Other posts in series
Introduction
After reading through Chapter 2 of the Fast AI course/book, it was time I tried putting the ideas into practice. I decided to create a classifier that distinguishes between squash, tennis and badminton rackets. Then using voila and binder, I created a little web app for it: check it out here!
A comedy of errors
This project was frustrating for me. I somehow managed to make numerous errors at every step which could not be straightforwardly de-bugged. I try to describe them here, but I have undoubtedly forgotten many of them.
The Bing API
The instructions from the notes: “To download images with Bing Image Search, sign up at Microsoft for a free account. You will be given a key, which you can copy and enter in a cell as follows.” Sounds simple. I went to the Microsoft website and logged on. This is what I saw:
Hmm, there’s nothing obvious here regarding Bing or APIs. I spent a whole bunch of time looking through all the menus, but to no avail. The instructions made it sound simple, and yet I couldn’t manage. I searched in the FastAI forums and a relevant post was easy to find. It explained the (non-trivial) steps needed. A big non-triviality is that you should be using a Microsoft Azure account, not a Microsoft account. I think the book should make this clearer. It would have saved me (and presumably many others) a bunch of time.
Padding
I downloaded the datasets, viewed some of the images, and deleted the files which were erroneous. Next up was to create a DataBlock
with the appropriate transforms/data augmentation. To ensure the images have the correct aspect ratio, I decided that padding is the best option. I tried it, using pad_mode = 'zeros'
. It looked alright, but most of the images have white backgrounds, so I thought maybe it would be better for the images to be padded with white space. I guessed that pad_mode = 'ones'
would work, but alas it did not. So, I did what has been recommended numerous times, and went to the docs.
This is what I found:
Maybe I am in the minority, but I do not find this helpful. Here are some things that frustrate me about this:
- What are the possibilities for
*args
and** kwargs
? How would I find out? - What does ‘All possible mode as attributes to get tab-completion and typo-proofing’ mean?! What does it have to do with padding images?
- What is
TensorBBox
? OrTensorPoint
? - What’s the relevance of the change in font in the headings? Is it self-evident? Looking at it more closely, you have one font for classes and one font for methods. But do we need a different font for that? Changing heading formats usually indicates a change in the level of headings, but I don’t think that is what is happening here.
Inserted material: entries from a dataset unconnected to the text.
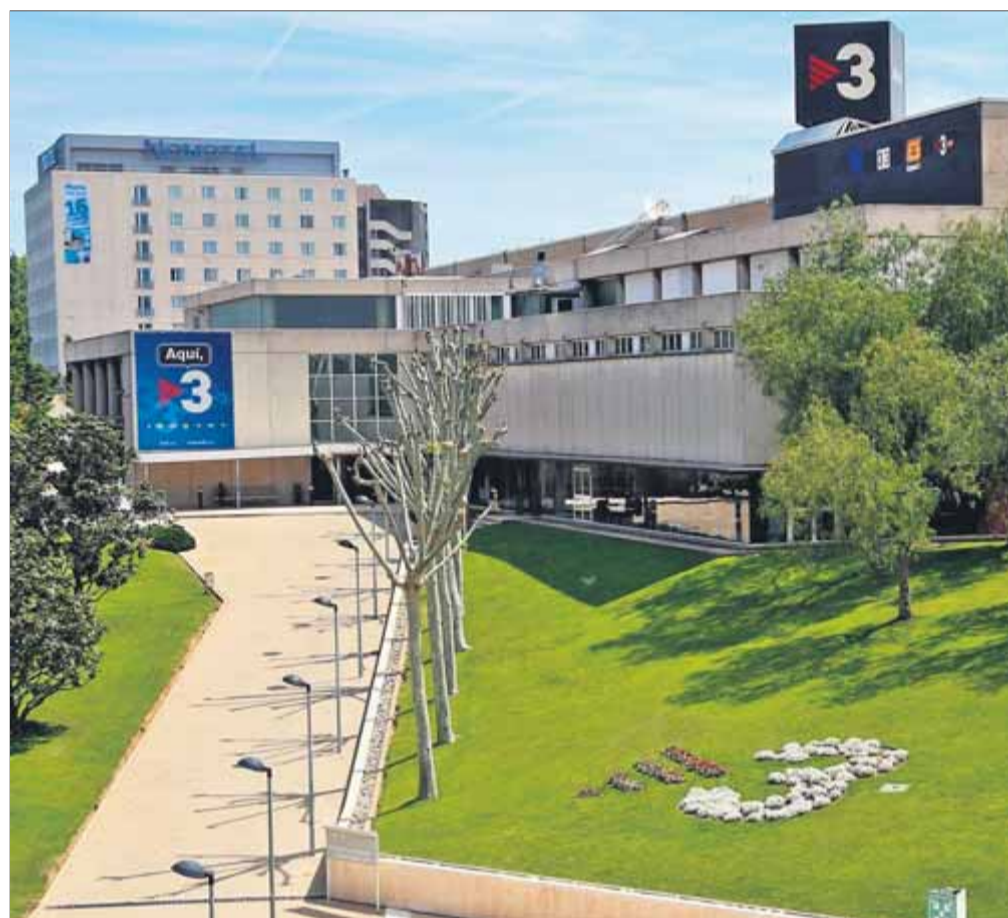
Les instal·lacions de TV3 a Sant Joan Despí ■

Des d'aquesta nova premissa, el govern podrà afrontar amb més força alguns dels problemes que el temps ha anat gangrenant. És del tot obvi, per exemple i entre aquests problemes, que els mitjans de comunicació públics de la Generalitat necessiten adequar-se amb solvència als profunds canvis que el sector ha experimentat, no ja amb la tercera, sinó amb la quarta revolució industrial. Televisió de Catalunya i Catalunya Ràdio no són, com proclamen alguns ca-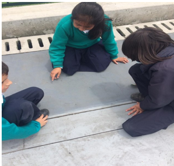
Figura 8. registro fotográfico 13 de octubre de 2022 grado quinto.

En otra experiencias dos estudiante de primero con sus propias grafías, y con mucha inventiva, generan juegos simbólicos de representación de ideas o imágenes que parten de su realidad, en este caso la expresión de los estudiantes es que ese es mi amuleto de poder en el descanso y que todo iba estar bien, algo así como un elemento de protección entendí yo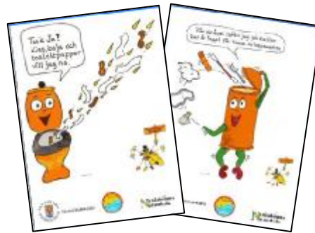
Två kampanjbilder till alla förskolor och lärare i åk f-9.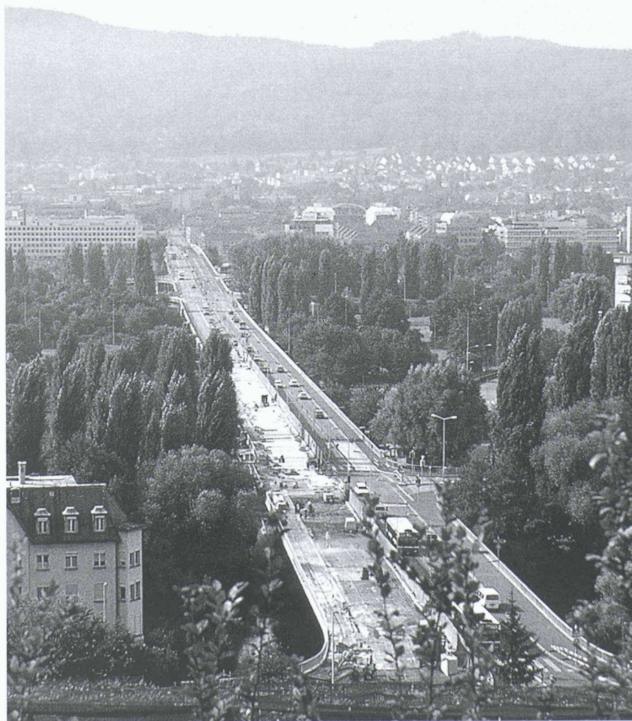
1 Instandsetzung der Brückenoberfläche in Etappen

Ein weiterer Vorteil dieses Vorgehens war, dass mit der anschliessenden gross-

- Most importantly, what are the different options for
pad_mode
? If you scroll further down, three examples are provided (zeros, reflection and border), but it is not clear if these are all the options. Maybe they are, maybe they aren’t. I don’t know. - Really, what does ‘All possible mode as attributes to get tab-completion and typo-proofing’ actually mean??
Perhaps I could find out more by looking at the source code. After all, as is emphasised several times in the lectures, most of the source code is only a few lines and thus easy to understand.
class CropPad(RandTransform):
"Center crop or pad an image to `size`"
order = 0
def __init__(self, size, pad_mode=PadMode.Zeros, **kwargs):
size = _process_sz(size)
store_attr()
super().__init__(**kwargs)
def encodes(self, x:(Image.Image,TensorBBox,TensorPoint)):
orig_sz = _get_sz(x)
tl = (orig_sz-self.size)//2
return x.crop_pad(self.size, tl, orig_sz=orig_sz, pad_mode=self.pad_mode)
Yes, there are only several lines of code here. However, they are not helpful, at least not for me. In order to understand any of this, I need to go searching through the rest of the code base, which I am not inclined to do. I should not have to do this to find out if I can create white padding instead of black padding (or maybe I should?).
Anyway, I stopped here with the presumption that it is not possible to get white padding.
RuntimeError: DataLoader worker (pid 19862) is killed by signal: Killed.
I made various other decisions for the DataBlock and created the DataLoaders. Now it was time to do the modelling! I ran the cell, and to my dismay, I got the error message shown in the heading. I didn’t understand it. I checked all my code carefully and did not spot anything wrong. Next I tried to run the examples from the book as is. The same error came up. This was bizarre!
It was time for some Googling. I searched around, saw people with similar error messages, and tried their suggestions. None of them solved the problem. It was time to get to bed at this stage, so I decided I will ask about this in the forum, and have another stab the next day.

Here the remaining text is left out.